The publisher of the Daily Mail has apologised and agreed to pay “substantial damages” to a student it wrongly dubbed a “cheerleader for terrorist groups”.
The Daily Mail made the claim about Farah Koutteineh in an article published on 20 April about a University of Westminster students’ protest against the Government’s controversial counter-terrorism programme Prevent.
Koutteineh, who is president of the university’s Palestinian Society, took part in the National Union of Students’ “Students not Suspects” campaign against the policy, which has been described as a “threat to free speech on campus”.
The Daily Mail story, which was also published online, described international relations student Koutteineh as a “middle class cheerleader for terrorist groups” in a pull-out box.
Koutteineh was pictured with others in two of the article’s main photographs, which her lawyers argued gave the impression she was a “principal organiser or orchestrator” of the protest.
It also wrongly claimed she had held events that “celebrated a female terrorist hijacker and leader of a terrorist group called the Popular Front for the Liberation of Palestine”, according to a statement read in open court on Wednesday.
It added that the suggestion she was a supporter of terrorist groups was a “serious defamatory allegation” and “completely untrue”.
The Mail’s publisher, Associated Newspapers, agreed to apologise, print a correction and pay Koutteineh “substantial” but undisclosed sum of damages alongside her legal costs.

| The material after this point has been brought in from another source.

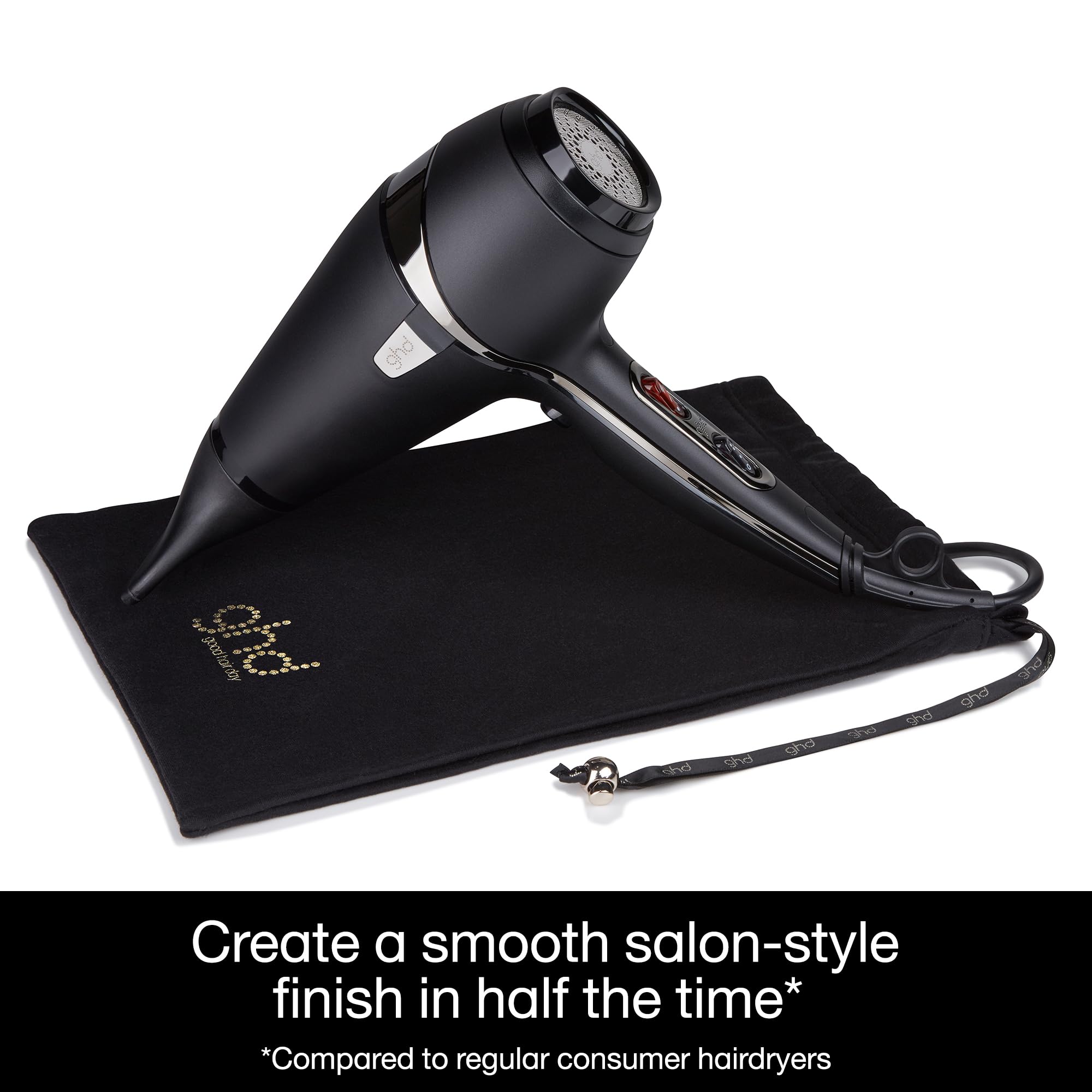 - ghd Air 2.0's powerful 2,100W professional-strength motor and patented removable air filter deliver high-pressure air flow for super-fast drying from root to tip, while advanced ionic technology reduces frizz and flyaways to give a smooth salon-style finish in half the time, compared to regular consumer hairdryers

Speaking in the High Court, a representative for Associated Newspapers offered a “sincere apology” to Koutteineh for any “distress and embarrassment” caused by the story.
A correction published in yesterday’s Daily Mail said: “We are happy to make clear that Farah Koutteineh does not in fact support any terrorist or terrorist group and apologise for any distress caused.”
Koutteineh said in a statement: “I am pleased that the Daily Mail have acknowledged that they published an unfounded yet grave allegation against me and that they have now set the record straight by not only publishing an apology, but by also agreeing a statement in open court.
“As leader of the University of Westminster Palestinian Society, I was engaged in legitimate protest and not supporting terrorism or celebrating specific terrorists as had been alleged.”
Her lawyer Zillur Rahman of Rahman Lowe Solicitors added she should not have gone through the ordeal for “protesting against a toxic discriminatory policy” and that “thankfully she has now been vindicated.”